Third, the drunken Seithynin, son of Seithyn Saida king of Dimetia, who in his drunkenness let the sea over the hundred of Gwaelod so that all the houses and land which were there, were lost; where before that event sixteen fortified towns were reckoned there, superior to all the towns and fortifications in Cambria, with the exception of Caerllion upon Usk. The hundred of Gwaelod was a dominion of Gwydnaw Garanhir, king of Cardigan. This event happened in the time of Ambrosius. The people who escaped from the inundation landed in Ardudwy, in the country of Arvon, and the mountains of Snowdon, and other places, which had not been inhabited before that period.")

The Welsh saint Saint Tudno (founder and patron of Llandudno) may have been Seithenyn's son.

He appears as a character in Thomas Love Peacock's 1829 Arthurian novel The Misfortunes of Elphin.

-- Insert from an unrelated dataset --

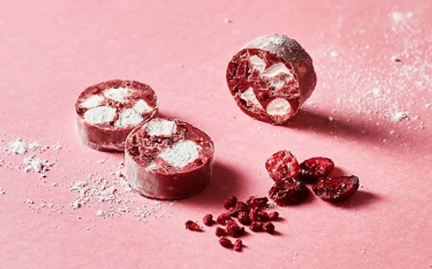 ルビーチョコレートをベースに、フランボワーズチョコレート、ストロベリーチョコレート、ジャンドゥーヤの4種を独自の黄金比率でバランスよくブレンド。クランベリー、フランボワーズの酸味とマシュマロの食感をお楽しみください。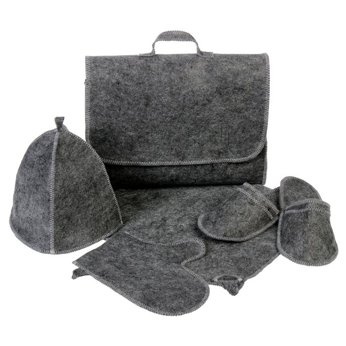 Для комфортного отдыха в парной возьмите с собой набор банных принадлежностей. Предметы из этого комплекта предохраняют тело от перегрева и являются средствами индивидуального пользования. Влажные изделия рекомендуется сушить в расправленном виде на горизонтальной поверхности. Принадлежности из войлока и фетра стирайте вручную при температуре воды 30 °C.

Sir John Rhys posited a connection between Seithenyn and the Setantii, a Celtic tribe living in what is now the north west of England.

==Bibliography==
- Bromwich, Rachel (2016). "Trioedd Ynys Prydein: The Triads of the Island of Britain"
- Rhys, John (1901). "Celtic folklore, Welsh and Manx"
- Peacock, Thomas Love (1829). "The Misfortunes of Elphin"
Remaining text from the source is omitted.